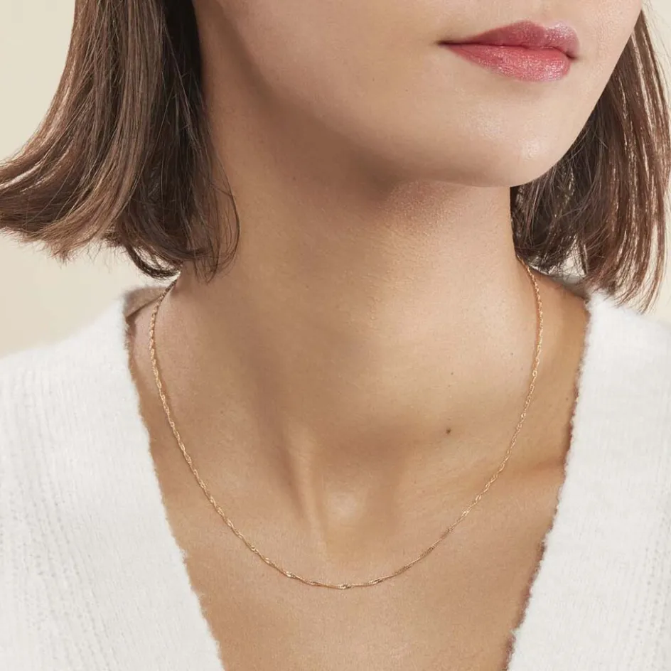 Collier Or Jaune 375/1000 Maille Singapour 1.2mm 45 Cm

...

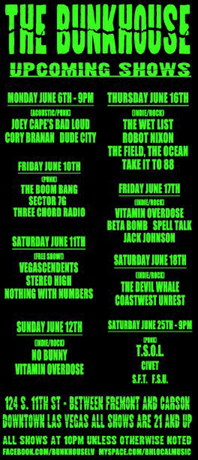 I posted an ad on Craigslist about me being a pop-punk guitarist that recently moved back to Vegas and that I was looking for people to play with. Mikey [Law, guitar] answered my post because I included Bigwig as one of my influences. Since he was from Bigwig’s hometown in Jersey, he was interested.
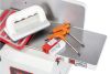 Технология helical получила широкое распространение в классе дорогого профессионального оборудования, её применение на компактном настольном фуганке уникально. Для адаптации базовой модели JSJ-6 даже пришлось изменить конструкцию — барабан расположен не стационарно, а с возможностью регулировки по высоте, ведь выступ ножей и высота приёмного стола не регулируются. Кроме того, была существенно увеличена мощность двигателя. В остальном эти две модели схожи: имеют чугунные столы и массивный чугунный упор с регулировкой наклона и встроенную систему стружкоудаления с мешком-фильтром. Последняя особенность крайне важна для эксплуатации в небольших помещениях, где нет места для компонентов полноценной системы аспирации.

[Task item]:
Taking the material above, give again exactly the lines from the one holding "I posted an" through the one holding "Технология helical получила", with both ends and without pictures.

[Task response]:
 I posted an ad on Craigslist about me being a pop-punk guitarist that recently moved back to Vegas and that I was looking for people to play with. Mikey [Law, guitar] answered my post because I included Bigwig as one of my influences. Since he was from Bigwig’s hometown in Jersey, he was interested.
 Технология helical получила широкое распространение в классе дорогого профессионального оборудования, её применение на компактном настольном фуганке уникально. Для адаптации базовой модели JSJ-6 даже пришлось изменить конструкцию — барабан расположен не стационарно, а с возможностью регулировки по высоте, ведь выступ ножей и высота приёмного стола не регулируются. Кроме того, была существенно увеличена мощность двигателя. В остальном эти две модели схожи: имеют чугунные столы и массивный чугунный упор с регулировкой наклона и встроенную систему стружкоудаления с мешком-фильтром. Последняя особенность крайне важна для эксплуатации в небольших помещениях, где нет места для компонентов полноценной системы аспирации.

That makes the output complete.